The nature and consequences of coinfection in humans

Affiliations
Review

The nature and consequences of coinfection in humans

Emily C Griffiths et al. J Infect. 2011 Sep.

Abstract

Objective: Many fundamental patterns of coinfection (multi-species infections) are undescribed, including the relative frequency of coinfection by various pathogens, differences between single-species infections and coinfection, and the burden of coinfection on human health. We aimed to address the paucity of general knowledge on coinfection by systematically collating and analysing data from recent publications to understand the types of coinfection and their effects.

Methods: From an electronic search to find all publications from 2009 on coinfection and its synonyms in humans we recorded data on i) coinfecting pathogens and their effect on ii) host health and iii) intensity of infection.

Results: The most commonly reported coinfections differ from infections causing highest global mortality, with a notable lack of serious childhood infections in reported coinfections.
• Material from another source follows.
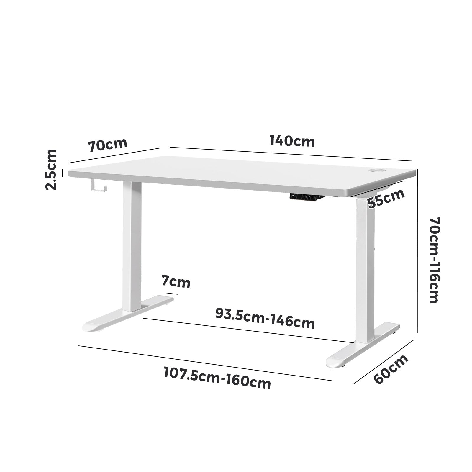 Oikiture Standing Desk Electric Dual Motor Sit Stand Up Height Adjustable 140cm

We found that coinfection is generally reported to worsen human health (76% publications) and exacerbate infections (57% publications). Reported coinfections included all kinds of pathogens, but were most likely to contain bacteria.

Conclusions: These results suggest differences between coinfected patients and those with single infections, with coinfection having serious health effects. There is a pressing need to quantify the tendency towards negative effects and to evaluate any sampling biases in the coverage of coinfection research.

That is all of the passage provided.